I should remember that ODE, both and new never liked multiple regions per instance.

in fact those still have several issues, some I did tried to fix.
for example do not try to shutdown just one of those regions...

Over the years most devs only worked with a single region per instance, so issues pilled up on top of already weak original support.

ODE issue is that heartbeats of the diferente regions will wait while one is on ode inner work.

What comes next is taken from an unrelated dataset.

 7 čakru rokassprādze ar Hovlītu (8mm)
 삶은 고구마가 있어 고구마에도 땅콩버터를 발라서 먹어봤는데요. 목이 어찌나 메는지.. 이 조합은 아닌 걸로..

With low loads, they will eventually time drift, so will reach those sections in diferent time, reason why all seem to work so far.

my last changes on ubode locking where to replace a lock on a larger section of code, but several on smaller critical sections, so regions work can interleave better.

And that is working ok for me :(
(0034016)
mewtwo0641   
2019-01-29 18:10   
It's odd because I haven't had any (apparent) issues running ODE/ubODE multi-region per instance prior to the commit mentioned in the mantis; at least nothing major like complete freeze up while OpenSim is loading up or the world just not loading at all / frozen avatars.

I did check the latest master just now and it seems to be a lot better. OS loads up without hanging and things load for me in world and I can move around now :) I will keep this open for a bit while I test more extensively to be sure.

Thanks Ubit!
(0034305)
BillBlight   
2019-02-05 12:27   
Old Issues, closed, can be reopened if they still exist